### Your goal
Transcribe the whole listing below. Pictures do not go in the copy.

### Data section
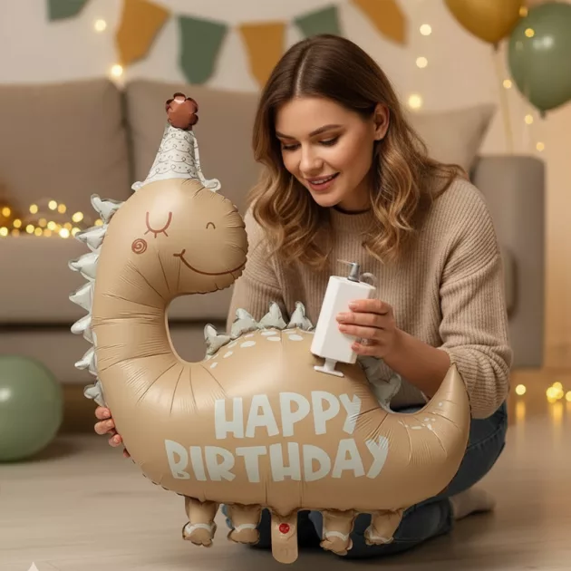 Decorar la habitación fue facilísimo. ¡El globo de dinosaurio era tan lindo y duró todo el día!
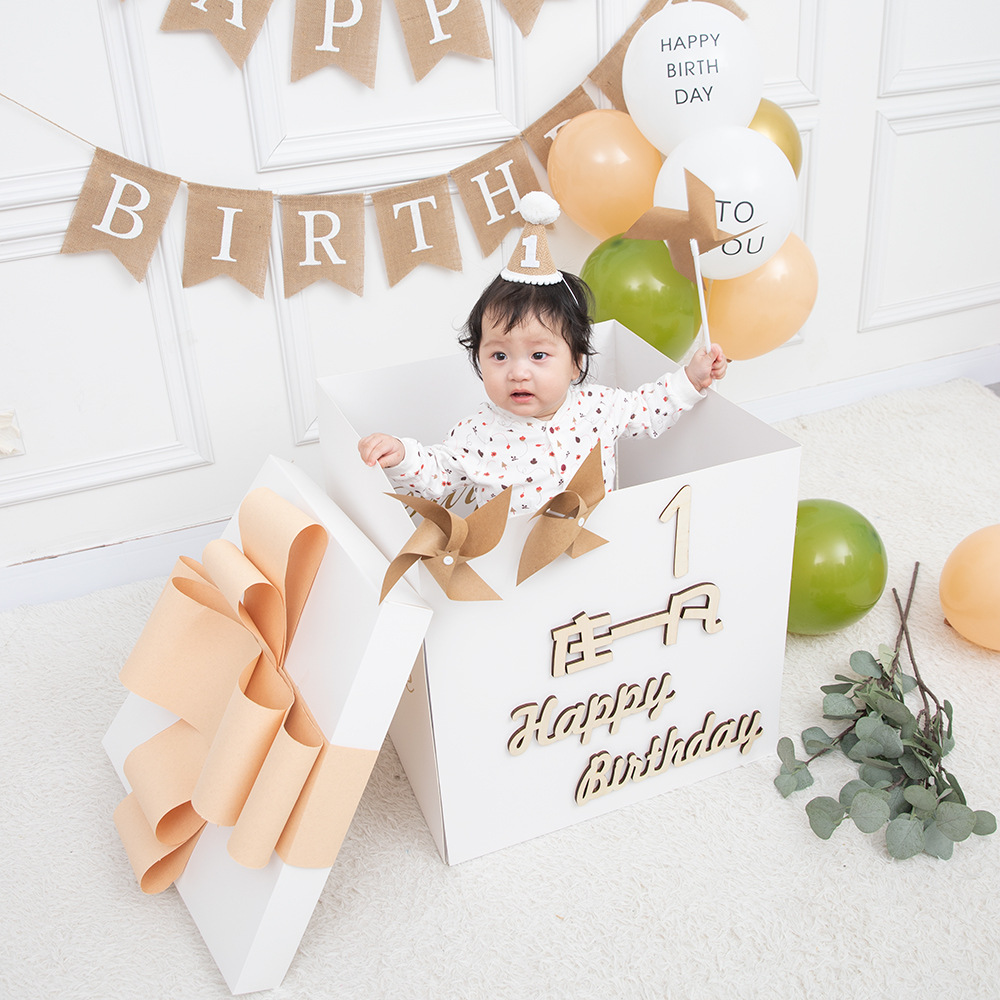 Ins風紅書宝宝一歳誕生日プレゼント箱風船背景壁装飾パーティー
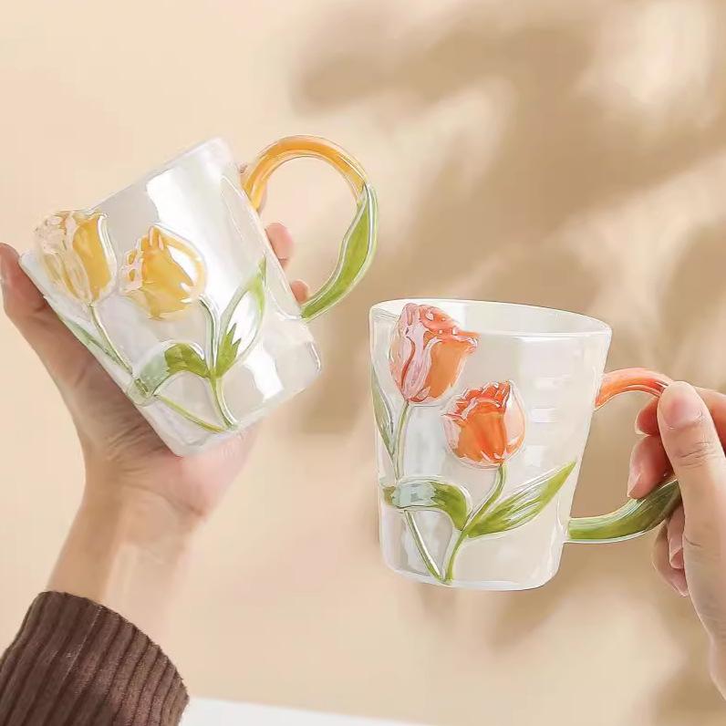 Color: Pearlescent glaze pink, pearlescent glaze orange, pearlescent glaze blue, pearlescent glaze yellow, tulip pink, tulip orange, tulip blue, tulip yellow, gift box set [Note style]
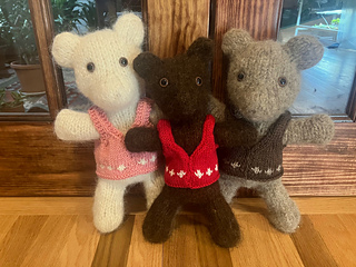 This is a vest for Harry Bear, the wonderful pattern from Berroco (https://www.ravelry.com/patterns/library/harry-bear). The pattern will make two sizes by changing yarn and needle size.
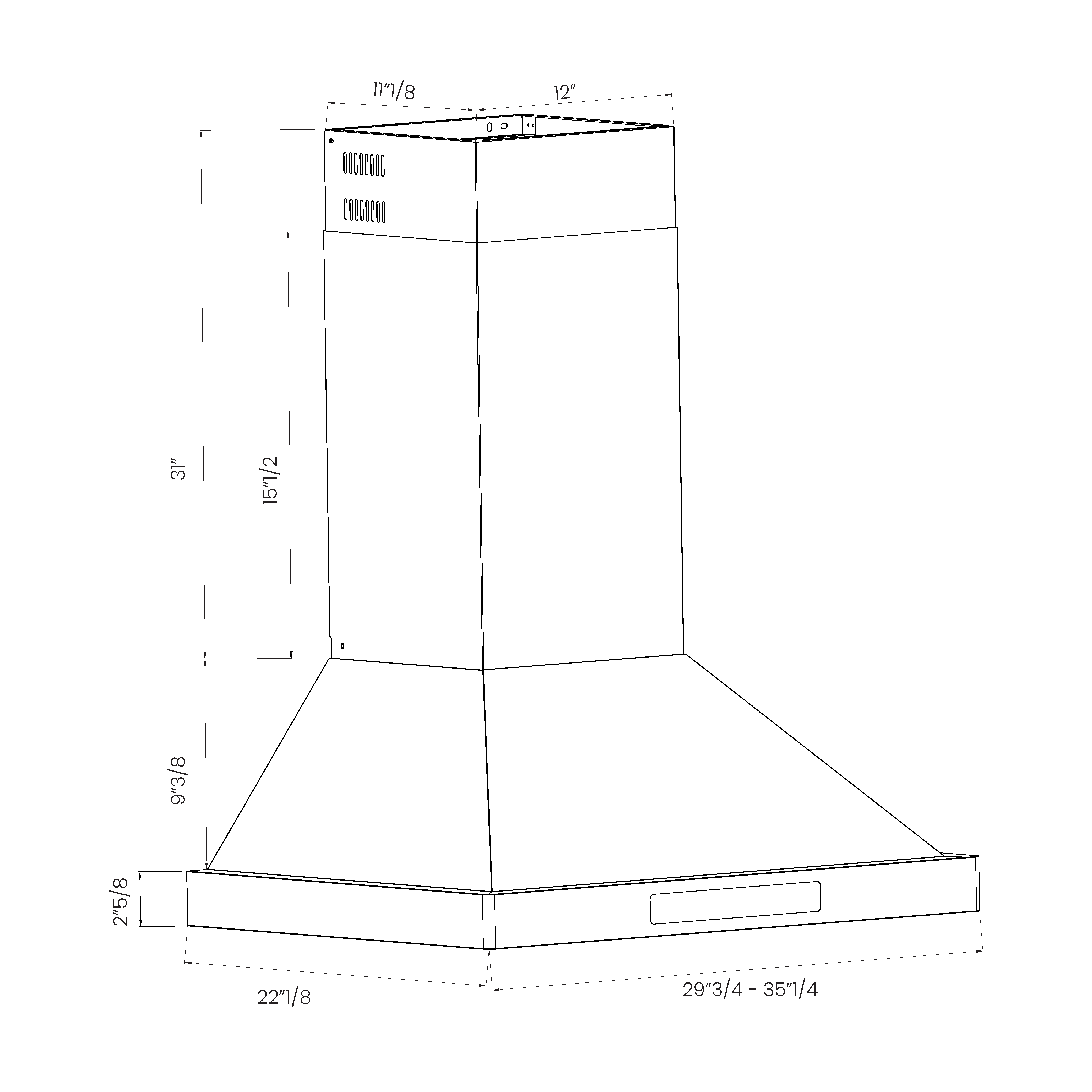 | Hood Dimensions (W×D×H) | 35.25" × 22.13" × (26.9" - 42.4") |
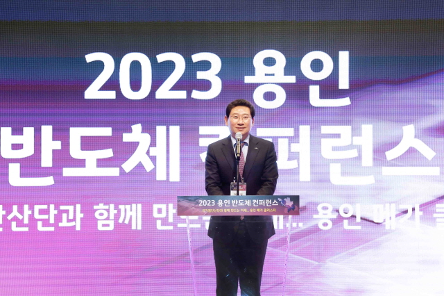 NSP통신-이상일 용인특례시장이 11일 기흥구 구갈동 ICT밸리 컨벤션 플로리아 홀에서 열린 2023 용인 반도체 컨퍼런스에서 축사를 하고 있다. (사진 = 용인특례시)
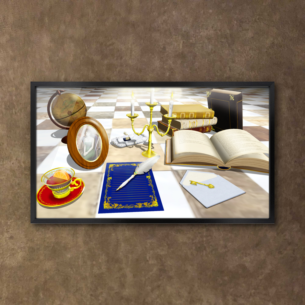 自分でデザインし作成した3Dモデルを配置し、陰影やハイライトを加筆したイラストです。
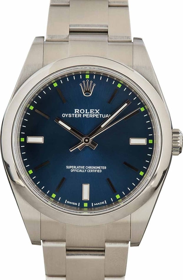 Pre-owned Rolex Oyster Perpetual ref 114300 (2019) sports the recently-discontinued 39mm Oyster case. As of just a few years ago, the men’s collection is only available in 34mm, 36mm, or 41mm. If the unique size and weight of the 39mm Rolex OP appeal to you, the secondary market is currently your only option. Ref. 114300 also notably features unique dial colorways, including the handsome blue dial Rolex for sale here. Luminescent baton hour markers at 3, 6, and 9 o’clock help the wearer keep time at a glance, while contemporary green markers add character to the dial. This model also features the caliber 3132 time-only dial with self-winding and a COSC rating.
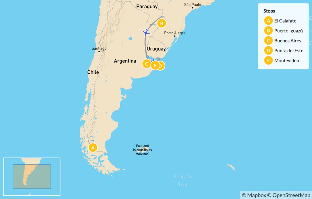 Map of Natural Wonders of Argentina & Uruguay – 14 Days
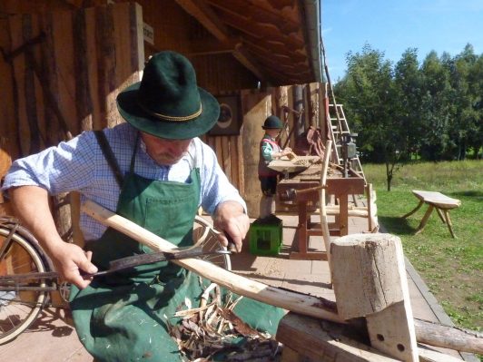 Das Angebot an bayerischem Brauchtum war am Tag des offenen Denkmals im Trachtenkulturzentrum wieder sehr groß. Ob im Pfarrhaus, im Innenhof oder bei der Kegelbahn oder am Zeltplatz. Überall waren Handwerker, Musikanten und Schuhplattler- und Schnoizergruppen und an allen Orten gab es was zu hören, zu sehen und zu bewundern. Der alte Holzbackofen wurde geschürt und für die Besucher gab es frisch gebackenes Brot. Schreiner, Schuster und Federkielsticker zeigten ihr Handwerk und die Frauen schauten zu, wie Spitzen geklöppelt wurden.
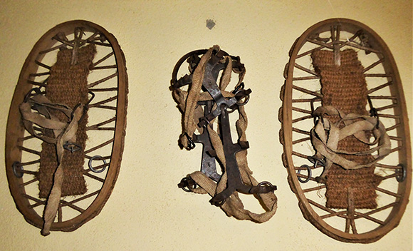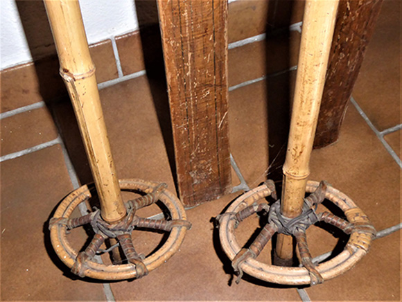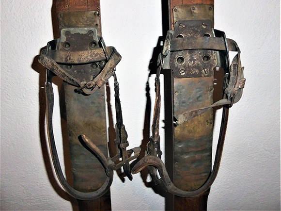 Alice Kneusslin von Schopfheim zeigte mir in ihrem Haus verschiedene Schneeschuhe, Steigeisen, und ein Paar alte 2,50 m lange Holzski mit Stöcken. Die Schneeschuhe kaufte ihr Schwiegervater vor etwa 100 Jahren bei der Firma Leonhard Kost & Cie in Basel.
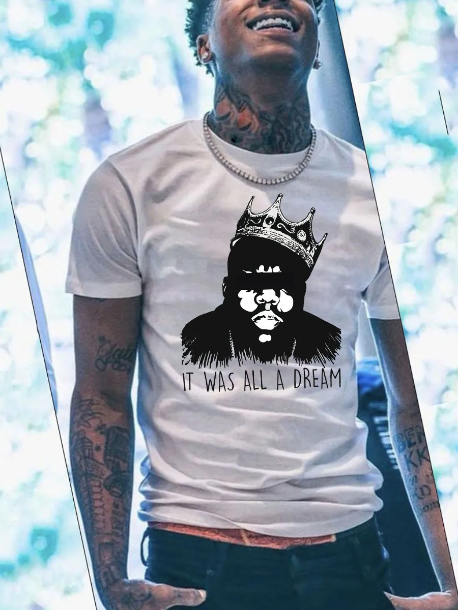 Home > Men Clothes > Top > T-shirt > LW Men Crown Figure Letter Print T-shirt
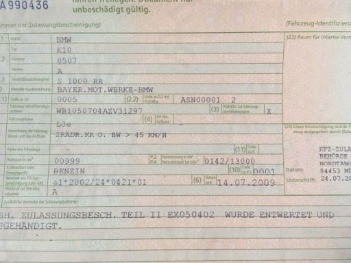 BMW S 1000 RR K10 z rocznika 2010. Kraj pochodzenia Niemcy.
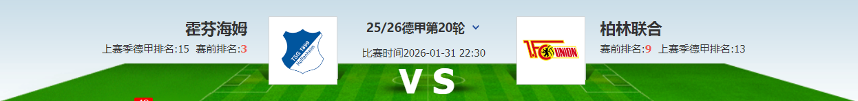 德甲第20轮全面展开,本场比赛由主场的霍芬海姆迎战柏林联合。霍芬海姆目前取得了12胜3平4负的成绩,积39分排在积分榜第三位;柏林联合目前取得了6胜6平7负的成绩,积24分排在积分榜第9位。
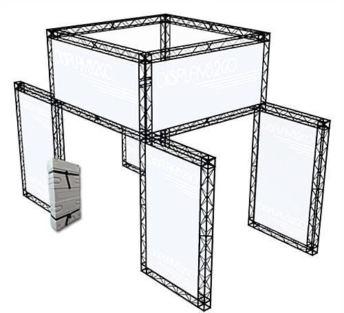 This portable exhibition truss system is the perfect booth solution for your next trade show display. The framework of the unit is made up of a fiberglass, aluminum, and plastic build for a safe and durable structure. The modular truss system is great for adding custom graphics to promote your business model. Setting up the trade show display is as easy as combining the connector cubes with the other framing modules without any tools required. Also included are 6 transport cases to make moving your truss system effortless. Designed as an easy to assemble modular display, the fixture is suitable for a 20’ x 20’ area to showcase your new products or hold an interview with a public figure.

### Written response
 Decorar la habitación fue facilísimo. ¡El globo de dinosaurio era tan lindo y duró todo el día!
 Ins風紅書宝宝一歳誕生日プレゼント箱風船背景壁装飾パーティー
 Color: Pearlescent glaze pink, pearlescent glaze orange, pearlescent glaze blue, pearlescent glaze yellow, tulip pink, tulip orange, tulip blue, tulip yellow, gift box set [Note style]
 This is a vest for Harry Bear, the wonderful pattern from Berroco (https://www.ravelry.com/patterns/library/harry-bear). The pattern will make two sizes by changing yarn and needle size.
 | Hood Dimensions (W×D×H) | 35.25" × 22.13" × (26.9" - 42.4") |
 NSP통신-이상일 용인특례시장이 11일 기흥구 구갈동 ICT밸리 컨벤션 플로리아 홀에서 열린 2023 용인 반도체 컨퍼런스에서 축사를 하고 있다. (사진 = 용인특례시)
 自分でデザインし作成した3Dモデルを配置し、陰影やハイライトを加筆したイラストです。
 Pre-owned Rolex Oyster Perpetual ref 114300 (2019) sports the recently-discontinued 39mm Oyster case. As of just a few years ago, the men’s collection is only available in 34mm, 36mm, or 41mm. If the unique size and weight of the 39mm Rolex OP appeal to you, the secondary market is currently your only option. Ref. 114300 also notably features unique dial colorways, including the handsome blue dial Rolex for sale here. Luminescent baton hour markers at 3, 6, and 9 o’clock help the wearer keep time at a glance, while contemporary green markers add character to the dial. This model also features the caliber 3132 time-only dial with self-winding and a COSC rating.
 Map of Natural Wonders of Argentina & Uruguay – 14 Days
 Das Angebot an bayerischem Brauchtum war am Tag des offenen Denkmals im Trachtenkulturzentrum wieder sehr groß. Ob im Pfarrhaus, im Innenhof oder bei der Kegelbahn oder am Zeltplatz. Überall waren Handwerker, Musikanten und Schuhplattler- und Schnoizergruppen und an allen Orten gab es was zu hören, zu sehen und zu bewundern. Der alte Holzbackofen wurde geschürt und für die Besucher gab es frisch gebackenes Brot. Schreiner, Schuster und Federkielsticker zeigten ihr Handwerk und die Frauen schauten zu, wie Spitzen geklöppelt wurden.
 Alice Kneusslin von Schopfheim zeigte mir in ihrem Haus verschiedene Schneeschuhe, Steigeisen, und ein Paar alte 2,50 m lange Holzski mit Stöcken. Die Schneeschuhe kaufte ihr Schwiegervater vor etwa 100 Jahren bei der Firma Leonhard Kost & Cie in Basel.
 Home > Men Clothes > Top > T-shirt > LW Men Crown Figure Letter Print T-shirt
 BMW S 1000 RR K10 z rocznika 2010. Kraj pochodzenia Niemcy.
 德甲第20轮全面展开,本场比赛由主场的霍芬海姆迎战柏林联合。霍芬海姆目前取得了12胜3平4负的成绩,积39分排在积分榜第三位;柏林联合目前取得了6胜6平7负的成绩,积24分排在积分榜第9位。
 This portable exhibition truss system is the perfect booth solution for your next trade show display. The framework of the unit is made up of a fiberglass, aluminum, and plastic build for a safe and durable structure. The modular truss system is great for adding custom graphics to promote your business model. Setting up the trade show display is as easy as combining the connector cubes with the other framing modules without any tools required. Also included are 6 transport cases to make moving your truss system effortless. Designed as an easy to assemble modular display, the fixture is suitable for a 20’ x 20’ area to showcase your new products or hold an interview with a public figure.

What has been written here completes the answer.